Jury finds attorney Joseph P. Klock committed violation of Florida Statutes Section 68.065 in Actions to collect worthless payment instrument and Breach of Contract


Mario Capone of Mario's Drycleaners in South Miami sued Attorney Joseph Klock, Jr. because Klock payed for some of the services with a worthless check, and did not pay for other invoices. Bruce Fischman represented Mr. Capone. The jury came back with a verdict in favor of Mr. Capone and against Joseph Klock on all counts. Mr. Klock appealed the verdict and judgment to the Third Districk Court of Appeals. Mr. Fischman argued against Mr. Klock in the appeal. The District court also ruled against Mr. Klock in a written opinion as follows: 

District Court of Appeal of Florida, Third District. November 1, 2017 233 So.3d 1158 (Mem) 42 Fla. L. Weekly D2358 (Approx. 2 pages)

District Court of Appeal of Florida,

Third District.

Joseph KLOCK, Appellant,

v.

Mario CAPONE, Appellee.

No. 3D16–1944

Opinion filed November 1, 2017Rehearing Denied December 1, 2017

An Appeal from the Circuit Court for Miami–Dade County, Antonio Arzola, Judge. Lower Tribunal No. 15–6853

A Rasco Klock Perez Nieto and Joseph P. Klock, Jr. and Susan E. Klock, for appellant.

The Fischman Law Firm, P.A. and Bruce D. Fischman, for appellee.

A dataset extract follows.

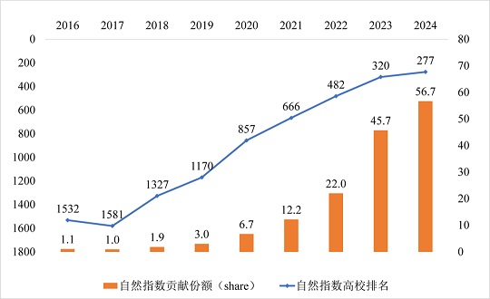 | 1532→277︱2016—2024广西大学自然指数排名快速提升 |

Before LAGOA, EMAS and SCALES, JJ.

Opinion

PER CURIAM.

Affirmed. See § 68.065(6), Fla. Stat. (2015) (providing: “After commencement of the action but before the hearing, the maker or drawer may tender to the payee, as satisfaction of the claim, an amount of money equal to the sum of the payment instrument, the service charge, court costs, and incurred bank fees”) (emphasis added); United Auto. Ins. Co. v. Salgado, 22 So.3d 594, 600 (Fla. 3d DCA 2009) (observing: “ ‘The starting point for [the] interpretation of a statute is always its language,’ so that ‘courts must presume that a legislature says in a statute what it means and means in a statute what it says there’ ”) (quoting Vargas v. Enter. Leasing Co., 993 So.2d 614, 618 (Fla. 4th DCA 2008)(additional citations omitted)). See also Clegg v. Chipola Aviation, Inc., 458 So.2d 1186, 1187–88 (Fla. 4th DCA 1984) (holding that oral contract by which defendant agreed to pay plaintiff in exchange for plaintiff's agreement to provide air charter service to a third party was not a promise to answer for the debt of another and thus fell outside the purview of the Statute of Frauds); Larnel Builders, Inc. v. U.S. Concrete Pipe Co., 117 So.2d 438 (Fla. 3d DCA 1960).